Anglican Communion Stories
Google the words “Anglican Communion” and you’ll find plenty of news stories, usually centered on controversies about the gender or sexual orientation of a person in a leadership position.
As a journalist for much of my life, I understand why such controversies are reported and, in fact, must be reported.
But those are stories about Church as an institution.
There’s another kind of “church” story, about Church as a movement of spirit. And that’s what you’ll find with Trinity Wall Street’s Anglican Communion Stories.
The idea came here at Trinity Wall Street in the late summer of 2008, immediately following the Lambeth Conference. Lambeth brings together, every ten years, bishops from the Anglican Communion, that network of churches with a membership of eighty million people spread out over 160 countries, on every continent except, as far as I know, Antarctica.
People in the Anglican Communion don’t all look the same, they speak scores of different languages and dialects, and their religious traditions have been shaped by unique historical experiences including, in many cases, colonialism.
Yet, every day, in all those diverse places, folks are working hard at ministries designed to bring a message of Christian hope to the world.
Trinity Wall Street’s Television and New Media Department made a commitment to travel across the Anglican Communion — gradually — and use our video camera to introduce people, and tell their stories.
By the time you read this, my colleagues William Jarrett and Michael McGuinnes and I will have traveled more than forty-one thousand miles to accomplish that mission.
Already, there are seven segments available for viewing on the Trinity Wall Street website. We also plan to devote a column in each edition of Trinity News to a “behind-the-scenes” look at our journeys.
The stories come from Montevideo, Uruguay, and from the Great Plains of South Dakota; from Kumasi in the middle of Ghana to the Lower Ninth Ward of New Orleans.
We’ve met five young women who are living and farming together in California. We broke bread, including the Eucharist, with folks of a congregation in Eastern Kentucky, in the region usually referred to as Appalachia, who are making their church open and welcoming to gay, lesbian, and transgendered disciples.

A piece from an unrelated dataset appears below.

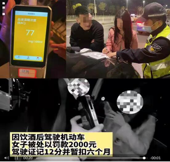車門打開后,一名女司機從駕駛室下來,經酒精快排檢測發(fā)現(xiàn)有酒駕嫌疑。面對交警詢問,女子表示剛才喝了一瓶啤酒,但自我感覺良好,也沒有頭暈。“酒駕不是以暈不暈來判斷的。”隨后,民警對女子進行呼氣式酒精檢測,結果顯示其體內酒精含量為77mg/100ml,達到飲酒后駕駛機動車標準。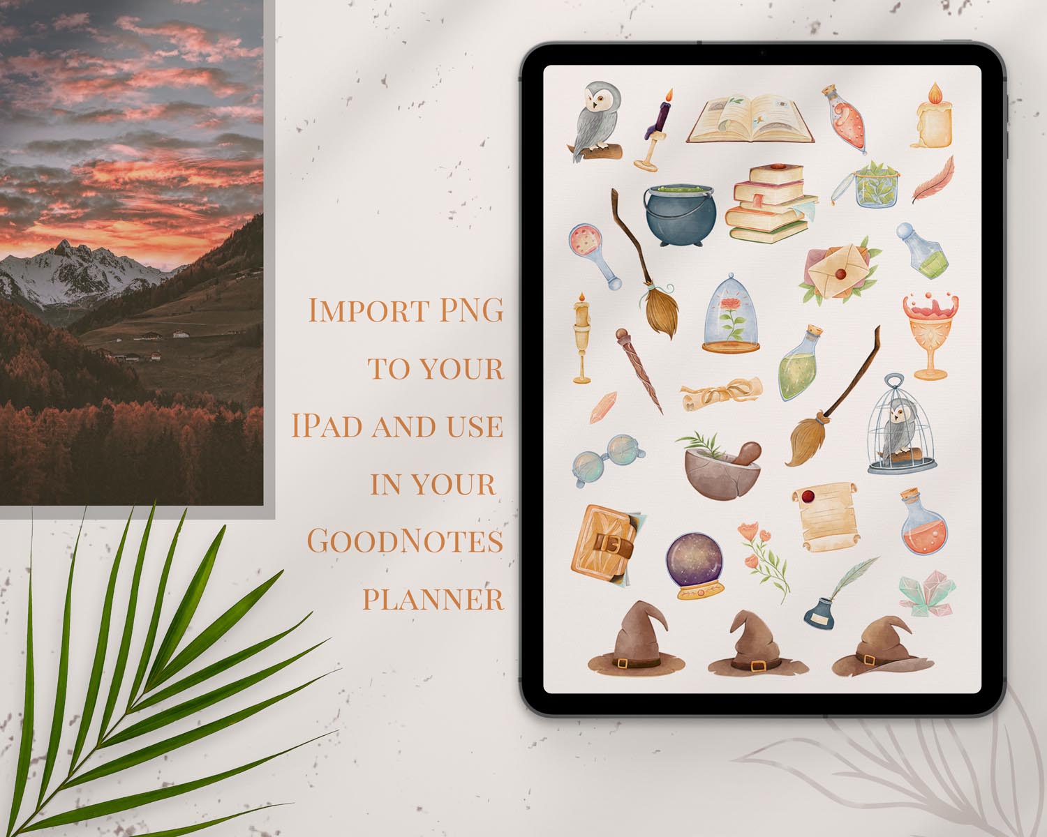 You can also use these illustrations as digital stickers in GoodNotes or any other digital planning app. Just unzip the files in your Dropbox and insert the elements directly onto your planner pages for a whimsical, magical look.

One of our trips took us to the ancient heartland of the Anglican Church, London, England. But the focus of the story was hardly traditional.
We profiled the only Syrian-born Anglican priest on the planet, a man who is helping British Christians to cope in a society where their faith is no longer overwhelmingly dominant.

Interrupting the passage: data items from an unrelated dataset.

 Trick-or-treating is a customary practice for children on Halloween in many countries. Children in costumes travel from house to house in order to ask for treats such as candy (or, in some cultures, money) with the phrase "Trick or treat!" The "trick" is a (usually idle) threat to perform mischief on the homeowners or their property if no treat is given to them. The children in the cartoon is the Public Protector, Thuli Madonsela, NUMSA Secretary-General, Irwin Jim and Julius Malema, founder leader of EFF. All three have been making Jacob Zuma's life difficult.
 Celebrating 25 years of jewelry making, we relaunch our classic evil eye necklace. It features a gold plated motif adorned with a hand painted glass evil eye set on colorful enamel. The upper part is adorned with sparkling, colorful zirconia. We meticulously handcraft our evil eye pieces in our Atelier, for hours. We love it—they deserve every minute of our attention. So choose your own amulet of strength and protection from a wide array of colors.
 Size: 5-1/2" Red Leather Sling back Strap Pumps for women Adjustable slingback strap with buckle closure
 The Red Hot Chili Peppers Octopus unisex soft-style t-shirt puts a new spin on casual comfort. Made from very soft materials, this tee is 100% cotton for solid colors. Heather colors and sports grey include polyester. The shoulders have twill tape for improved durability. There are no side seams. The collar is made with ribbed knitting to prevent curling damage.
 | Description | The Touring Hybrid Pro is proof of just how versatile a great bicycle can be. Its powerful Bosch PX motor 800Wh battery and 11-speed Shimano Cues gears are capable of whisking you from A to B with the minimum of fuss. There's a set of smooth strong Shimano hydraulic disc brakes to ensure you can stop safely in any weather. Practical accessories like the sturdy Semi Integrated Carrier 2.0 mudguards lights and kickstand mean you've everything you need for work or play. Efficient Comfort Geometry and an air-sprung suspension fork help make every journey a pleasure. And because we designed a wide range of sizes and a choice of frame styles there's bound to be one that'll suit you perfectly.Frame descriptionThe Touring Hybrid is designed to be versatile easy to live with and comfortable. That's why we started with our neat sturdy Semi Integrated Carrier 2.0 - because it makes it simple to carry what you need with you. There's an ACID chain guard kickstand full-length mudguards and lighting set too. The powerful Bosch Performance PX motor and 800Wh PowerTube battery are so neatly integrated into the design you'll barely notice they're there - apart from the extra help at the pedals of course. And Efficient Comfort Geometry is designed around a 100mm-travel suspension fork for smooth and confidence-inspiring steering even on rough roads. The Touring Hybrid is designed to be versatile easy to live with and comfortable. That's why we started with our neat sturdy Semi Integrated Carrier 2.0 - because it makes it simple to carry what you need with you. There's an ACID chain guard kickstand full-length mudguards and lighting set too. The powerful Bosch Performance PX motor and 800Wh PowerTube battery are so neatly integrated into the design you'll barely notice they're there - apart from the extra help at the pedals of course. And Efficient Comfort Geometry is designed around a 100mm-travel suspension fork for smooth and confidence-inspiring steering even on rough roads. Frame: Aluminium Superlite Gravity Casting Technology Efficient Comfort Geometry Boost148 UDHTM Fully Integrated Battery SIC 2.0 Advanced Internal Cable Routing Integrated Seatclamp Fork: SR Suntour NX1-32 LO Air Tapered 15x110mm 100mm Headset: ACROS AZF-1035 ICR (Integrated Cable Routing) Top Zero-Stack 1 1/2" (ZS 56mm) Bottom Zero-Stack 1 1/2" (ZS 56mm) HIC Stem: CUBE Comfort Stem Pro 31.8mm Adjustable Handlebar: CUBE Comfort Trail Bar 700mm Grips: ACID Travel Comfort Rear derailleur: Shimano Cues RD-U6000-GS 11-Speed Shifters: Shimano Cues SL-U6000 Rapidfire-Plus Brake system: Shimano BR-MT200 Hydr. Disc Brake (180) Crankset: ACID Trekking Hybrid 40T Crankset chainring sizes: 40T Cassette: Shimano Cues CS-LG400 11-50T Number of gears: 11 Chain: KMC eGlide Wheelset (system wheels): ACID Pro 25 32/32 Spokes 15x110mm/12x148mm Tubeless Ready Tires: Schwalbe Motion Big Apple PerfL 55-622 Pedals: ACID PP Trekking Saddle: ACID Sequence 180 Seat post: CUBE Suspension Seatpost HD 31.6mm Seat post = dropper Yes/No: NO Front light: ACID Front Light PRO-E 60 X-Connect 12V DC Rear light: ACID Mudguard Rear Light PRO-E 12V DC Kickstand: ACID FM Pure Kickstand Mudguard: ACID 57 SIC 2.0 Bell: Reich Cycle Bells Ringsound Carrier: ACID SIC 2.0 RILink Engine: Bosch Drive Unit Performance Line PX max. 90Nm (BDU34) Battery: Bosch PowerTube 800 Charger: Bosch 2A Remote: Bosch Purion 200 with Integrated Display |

Trinity Wall Street’s Anglican Communion Stories are only marginally about what goes on inside church buildings, although we do try to provide a sense of the unique styles that people in different locales bring to their worship.
A more important goal is to provide a glimpse of the rich culture of a community, including music, food, transportation, and how that culture helps to define its service to others.

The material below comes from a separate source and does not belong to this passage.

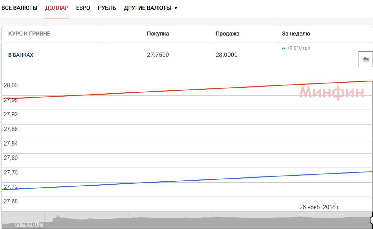 Нацбанк Украины утром установил официальный курс основных валют. Американский доллар подорожал на 10 копеек по сравнению с предыдущим банковским днем, 26 ноября, и составил 27,9 грн.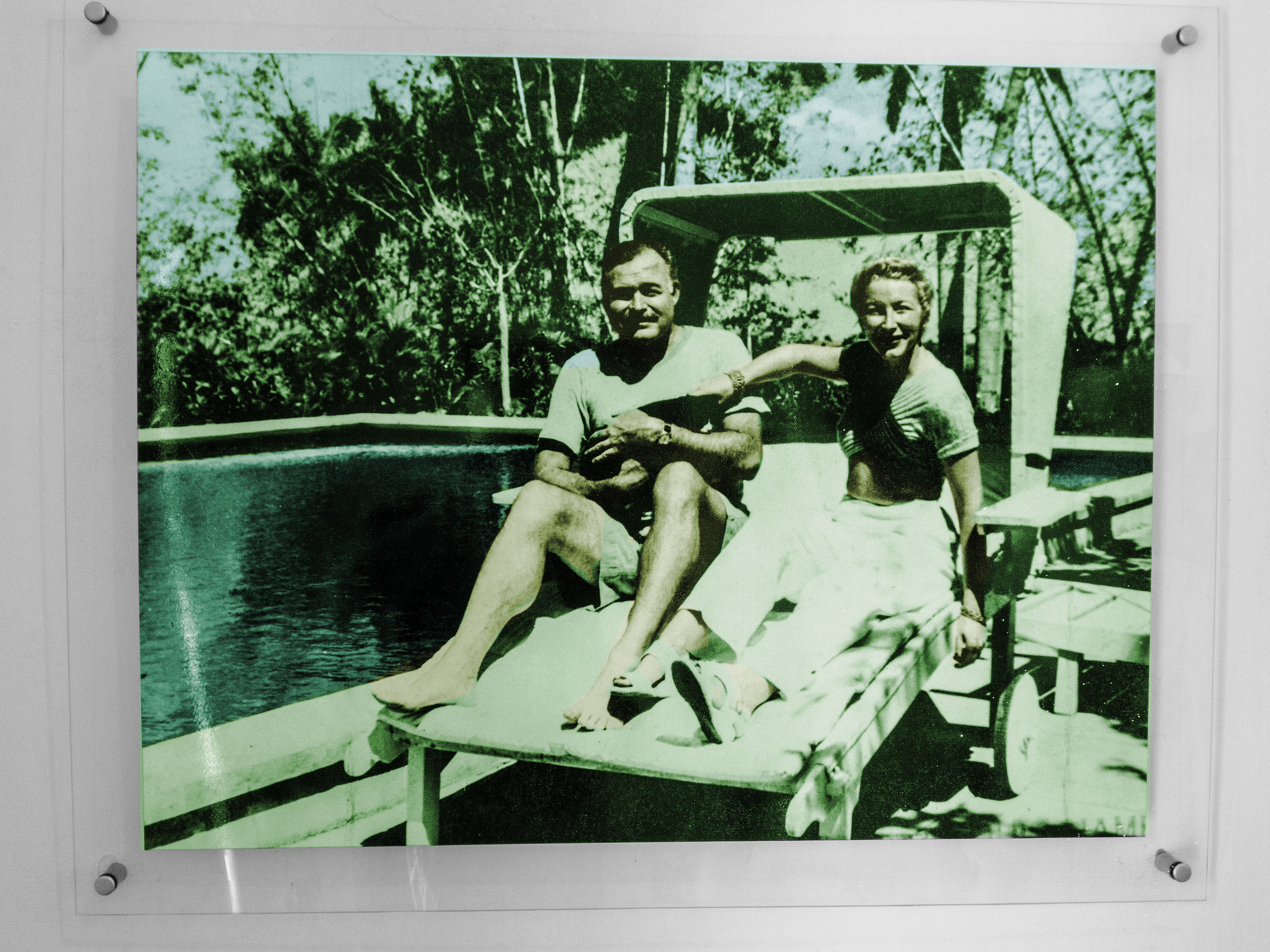 Ernest Hemingway, 4th wife Mary Walsh, and cat beside the pool

We also seek to demonstrate the tireless commitment of people to the work of the faith that guides them. Witnessing that commitment, often from folks who live with fewer creature comforts than most of us do, is always both inspiring and humbling.
Finally, we hope those who watch the Anglican Communion Stories will see opportunities to connect, whether in prayer, with financial support, or by adopting proven models of service for their own congregations.
I think these stories will give you a sense of excitement. I hope they also leave you with a feeling of solidarity with the people we introduce, either as fellow believers or simply as colleagues in the work of making a better world, a more abundant life, for all of creation.
Jim Melchiorre is senior producer for Trinity Television.